▶ What to do
Leaving out every picture, output the records below exactly as they are.

▶ Extracted data
+-------+
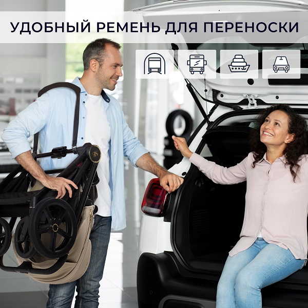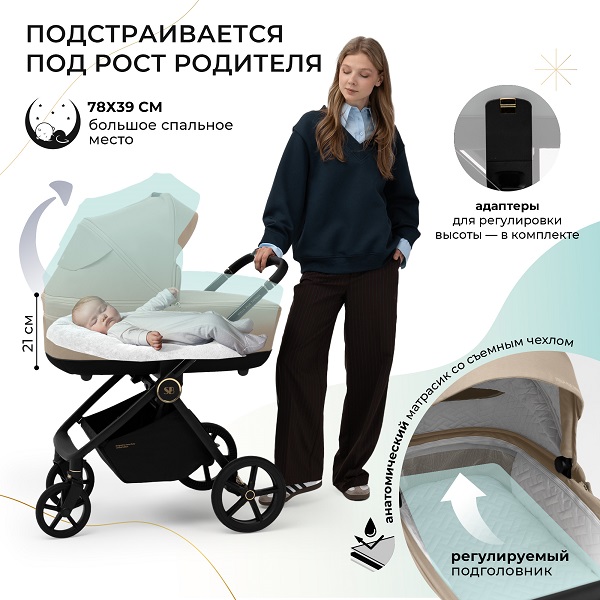 - Телескопическая ручка коляски подстраивается под любой рост родителей, обеспечивая интуитивное управление без лишних усилий.
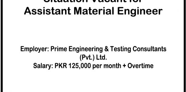 Situation Vacant for Assistant Material Engineer
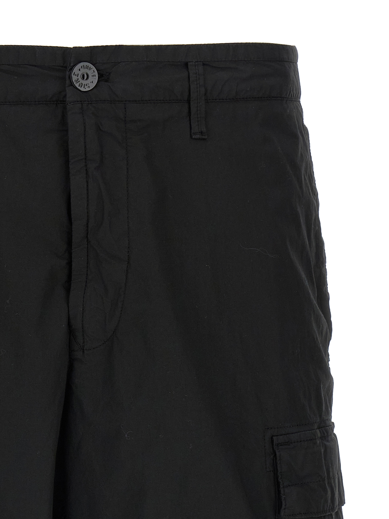 ‘L100020’ bermuda shorts in light ‘Paracadute’ garment-dyed stretch cotton canvas, cargo style with side pockets and logo badge, zip and front button closure, pockets.
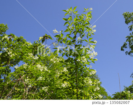 青空に映えるミツバウツギの白い花
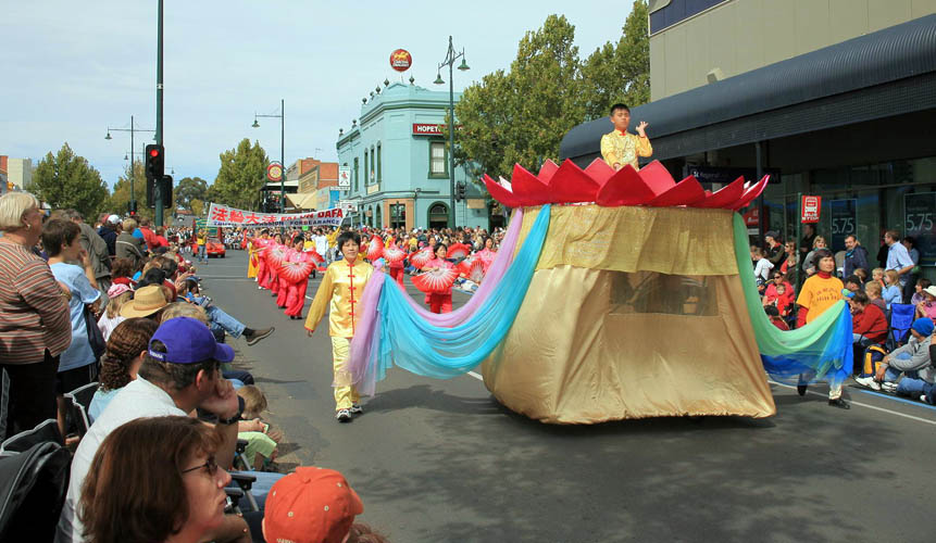 墨尔本法轮功学员参加复活节大游行,向近20万观众展示法轮大法的美好 2006-4-16至17
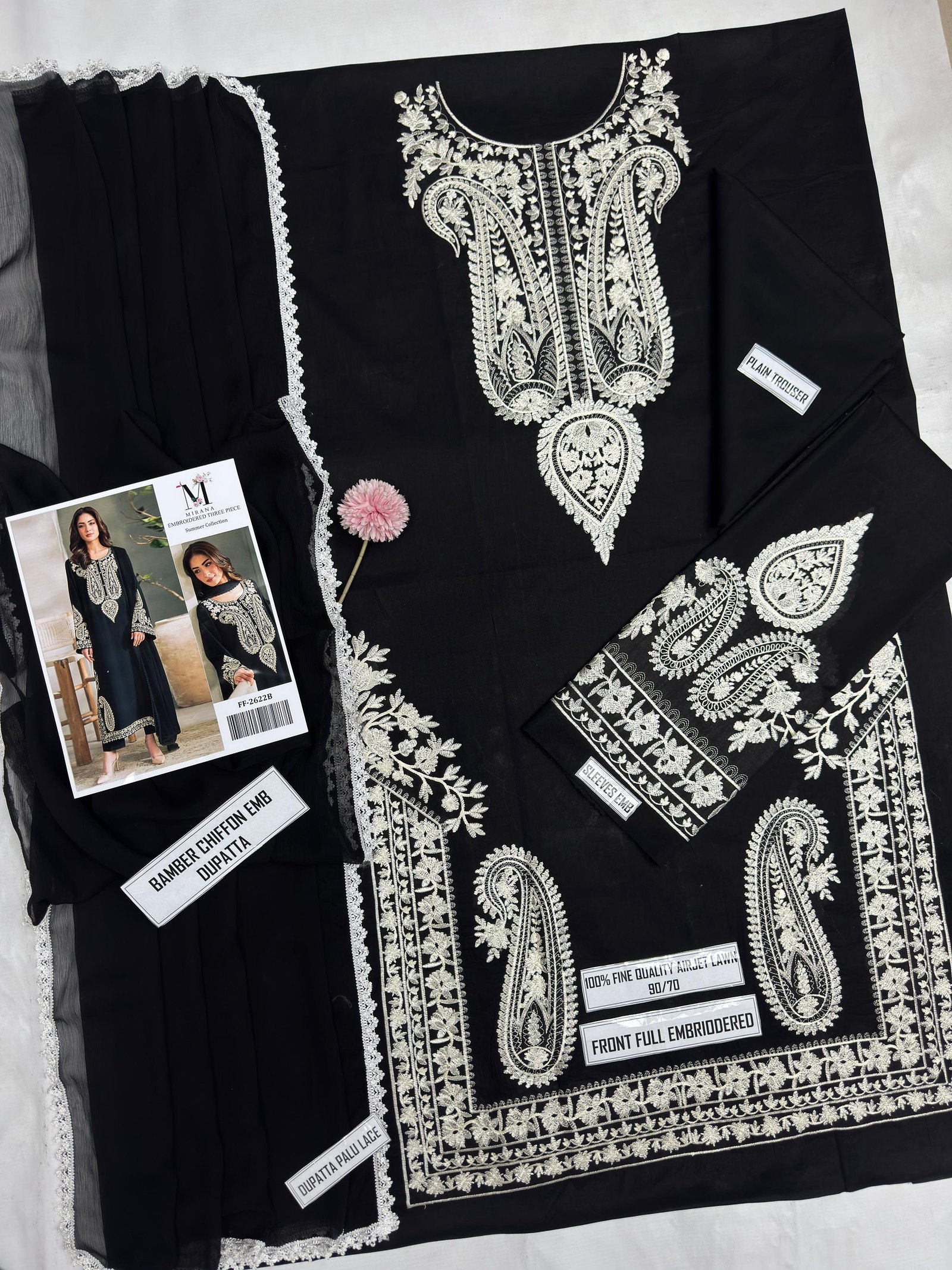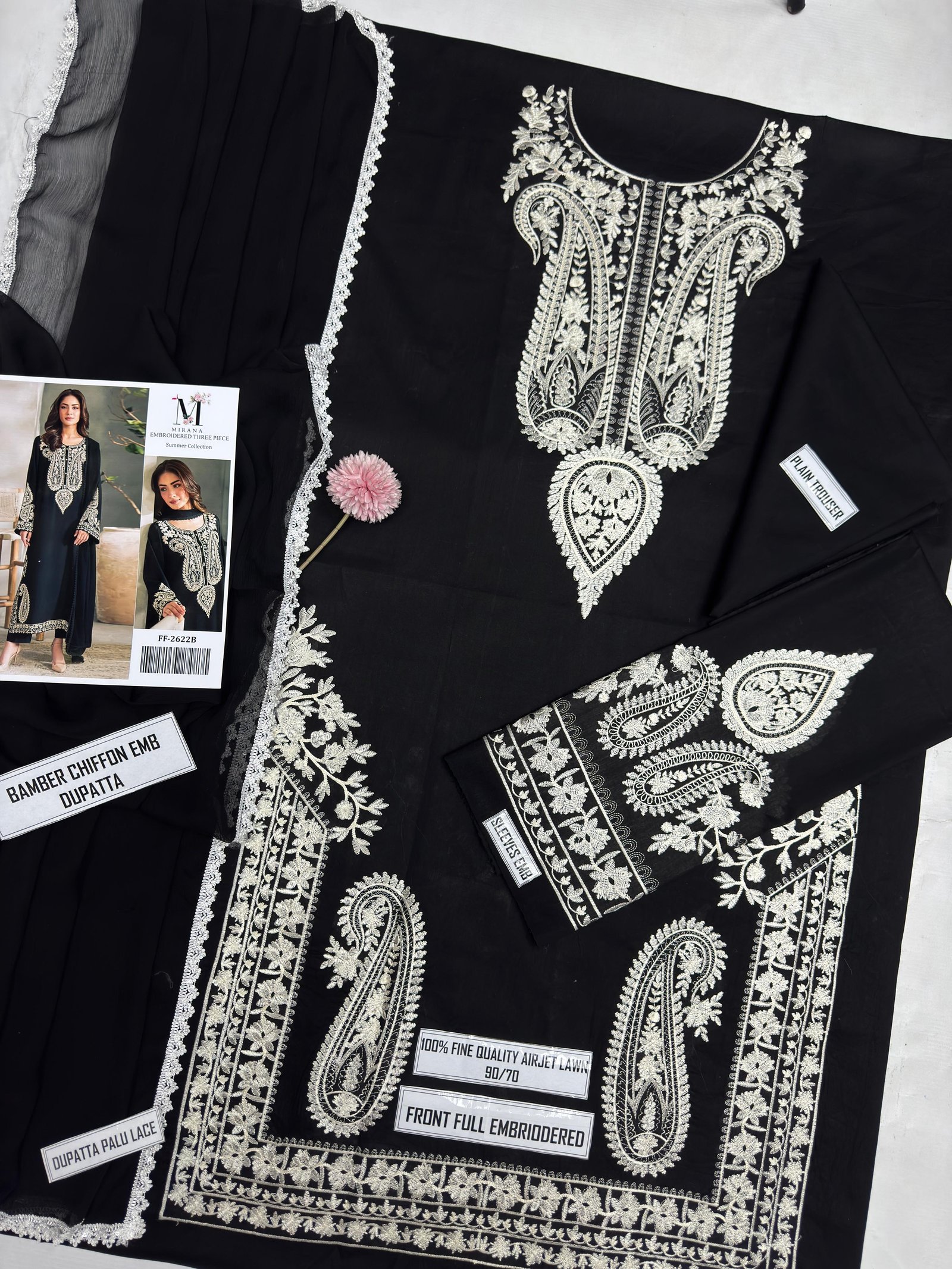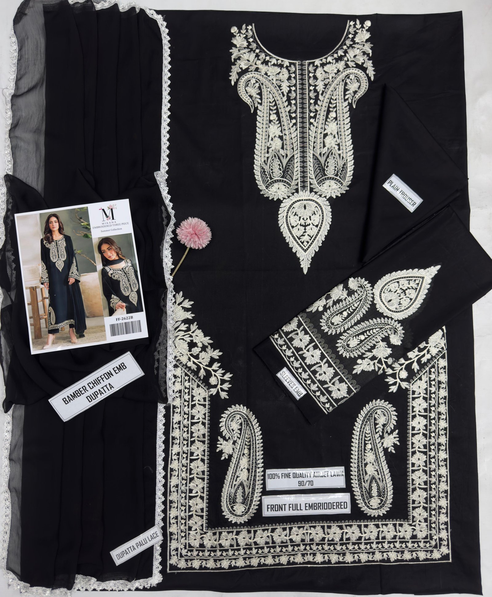 Premium Pure Airjet Lawn shirt with full heavy thread embroidery on front and heavy embroidered sleeves (full length) for a stylish and luxurious look.
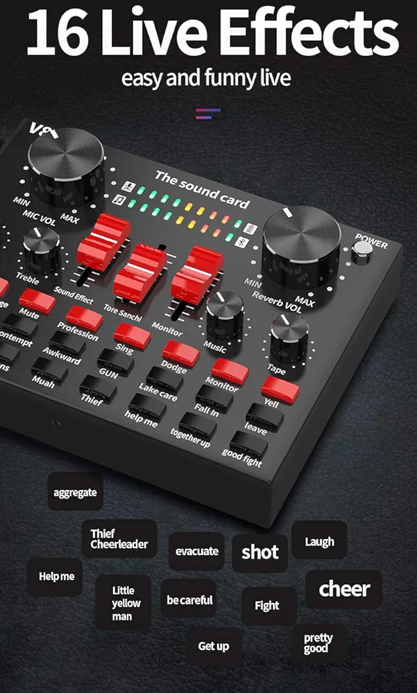 Specifications of QIYI Live Sound Card with Bluetooth, Audio Mixer USB External Sound Card for Mobile, Computer, Audio Interface, Live Recording, Home KTV.
+-------+
▶ Expected answer
 - Телескопическая ручка коляски подстраивается под любой рост родителей, обеспечивая интуитивное управление без лишних усилий.
 Situation Vacant for Assistant Material Engineer
 ‘L100020’ bermuda shorts in light ‘Paracadute’ garment-dyed stretch cotton canvas, cargo style with side pockets and logo badge, zip and front button closure, pockets.
 青空に映えるミツバウツギの白い花
 墨尔本法轮功学员参加复活节大游行,向近20万观众展示法轮大法的美好 2006-4-16至17
 Premium Pure Airjet Lawn shirt with full heavy thread embroidery on front and heavy embroidered sleeves (full length) for a stylish and luxurious look.
 Specifications of QIYI Live Sound Card with Bluetooth, Audio Mixer USB External Sound Card for Mobile, Computer, Audio Interface, Live Recording, Home KTV.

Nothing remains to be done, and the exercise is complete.